At the hearing on the USDA's motion for summary judgment, USDA counsel acknowledged that the Debt Servicing Center received the Debtor's letter. The Court conducted two pre-trial conferences while awaiting the outcome of the Sexton appeal to the U.S. District Court for the Western District of Virginia, which was dismissed on March 31, 2015, on procedural grounds without addressing the merits. The Court noted that the USDA, IRS, and U.S. Attorney's Office were likely familiar with the Sexton case prior to the offset in question, although Sexton was not mentioned in the government's initial argument until prompted by the Court. The same counsel represented the USDA in both matters. The Court emphasized the importance of considering relevant opinions from other judges to avoid creating conflicting authority within the same Court.
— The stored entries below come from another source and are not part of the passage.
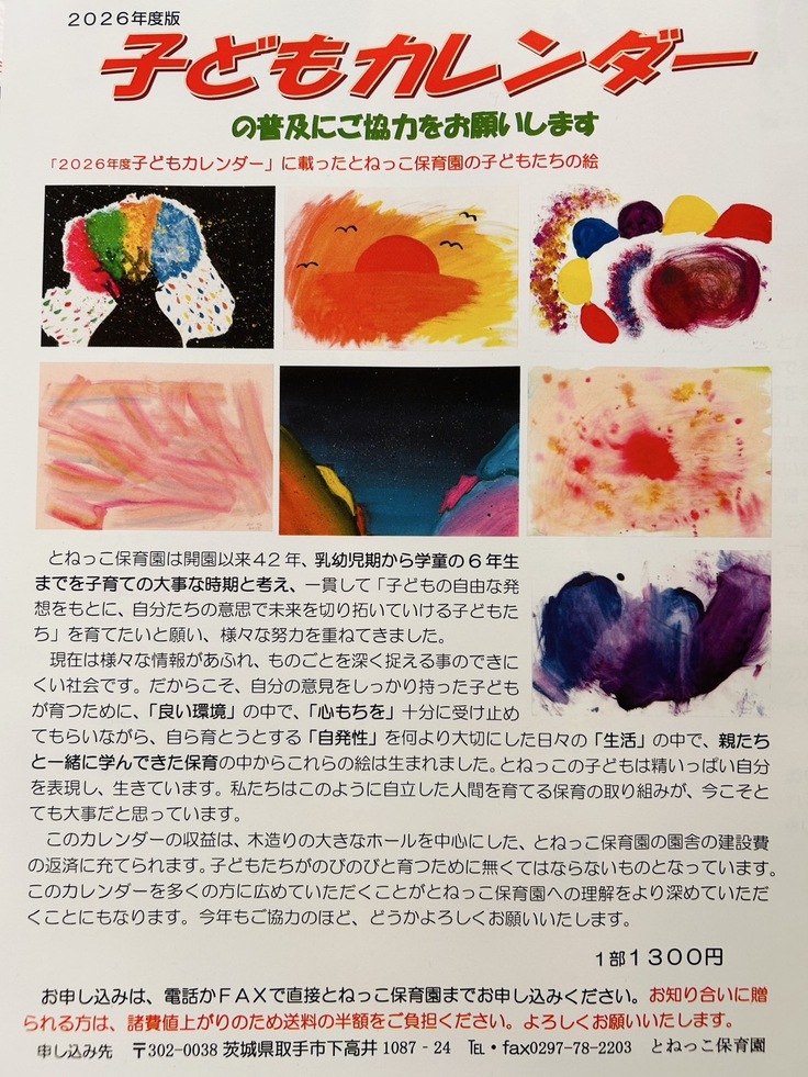 とねっこ保育園をはじめ全国の子どもたちが自ら感じ、自ら考え、自らを表現した絵を掲載した「こどもカレンダー」の2026年度版が無事に完成しました。カレンダーは絵が見やすいオールカラー大判(たて560mm×よこ380mm)。絵画を飾るような感覚でお楽しみください♪
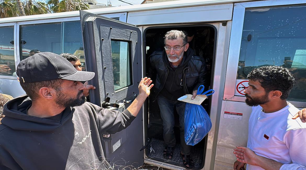 وصول 14 أسيراً إلى مستشفى شهداء الأقصى في دير البلح وسط قطاع غزة، عقب الإفراج عنهم من قبل قوات الاحتلال
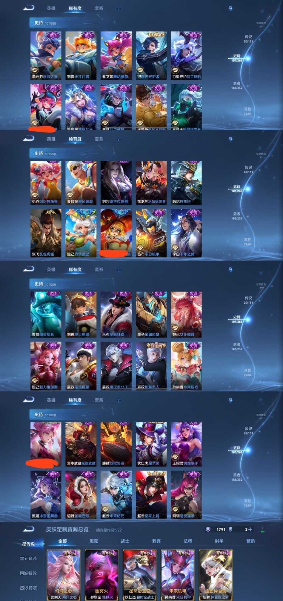 时间到了还登录白玩或者顶号全部改密拉黑处理永不解除,顶号机器会秒禁玩改密,顶号不仅拉黑还没得玩,赚三两块不容易,请理解谢谢。 ❤❤❤❤❤❤❤❤❤❤❤❤❤❤❤❤❤❤❤ 请勿开挂,挂机,送头,骂人,撤单后游戏等如有违规永久拉黑永不解除。 重置二级密码不要费劲了,号主每天都会上号查看,多行不义必自毙,人在做天在看,多做好事多自律,少做缺德事。 该号英雄129个皮肤378个,典藏3个,星传说5个,传说20个,史诗101个,祝您游戏愉快~

The Treasury's interception of the taxpayer's refund was only partial due to negotiations concerning tax refunds in community property states, a matter deemed irrelevant to the current issue. The principle of mutuality dictates that the debt must be owed in the same right and between the same parties. Generally, the federal government is viewed as a single 'unitary creditor' for setoff purposes. The government retains options, as it may legally place a hold on the refund to maintain the status quo, provided it promptly seeks relief from stay to exercise its right of setoff, as established in Strumpf.